■ **TASK PROMPT**: Your answer must consist of the records below, reproduced exactly, with every picture removed.
═══
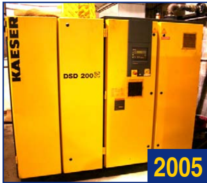
2005 KAESER "SIGMA PROFILE" DSD-200 200-HP ROTARY SCREW AIR COMPRESSOR
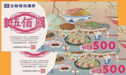
Px Mart NTD$1,000 gift voucher 10 winners
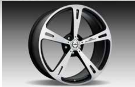
Type V Lightweight Forged Wheels BiColor in 22" Type VIII Racing Forged Wheels (not shown) in 22"
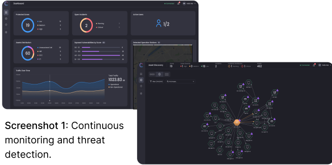
Screenshot 1: Continuous monitoring and threat detection.
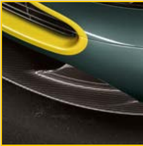
Carbon-Fibre front splitter
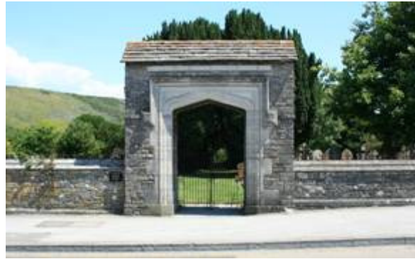
Figure 30: Arched entrance to East Street Cemetery, designed by Fra Newbery, erected 1922.

16. Tom's Mead Cemetery (Figure 31) . This third cemetery in the town was added in the early 20 th century at the rear of the West Street burgages. It was extended to the west during 1996-7. The construction of a car park south of the cemetery during 2005 revealed evidence for
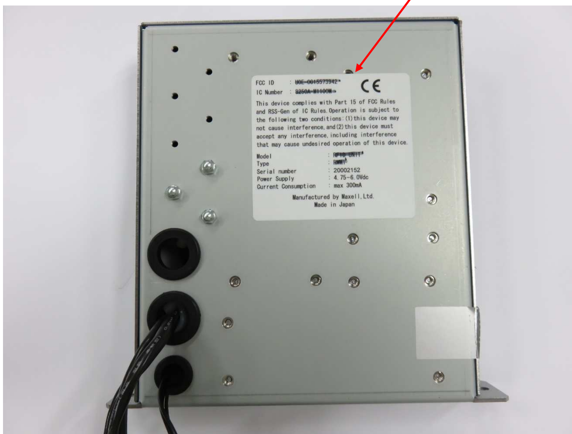
Wireless module surface and Antenna connection point (Back side)

Please see Exhibit (Label and Location) for labeling details.
═══
■ **ANSWER TO THIS PROBLEM**:
2005 KAESER "SIGMA PROFILE" DSD-200 200-HP ROTARY SCREW AIR COMPRESSOR
Px Mart NTD$1,000 gift voucher 10 winners
Type V Lightweight Forged Wheels BiColor in 22" Type VIII Racing Forged Wheels (not shown) in 22"
Screenshot 1: Continuous monitoring and threat detection.
Carbon-Fibre front splitter
Figure 30: Arched entrance to East Street Cemetery, designed by Fra Newbery, erected 1922.

16. Tom's Mead Cemetery (Figure 31) . This third cemetery in the town was added in the early 20 th century at the rear of the West Street burgages. It was extended to the west during 1996-7. The construction of a car park south of the cemetery during 2005 revealed evidence for
Wireless module surface and Antenna connection point (Back side)

Please see Exhibit (Label and Location) for labeling details.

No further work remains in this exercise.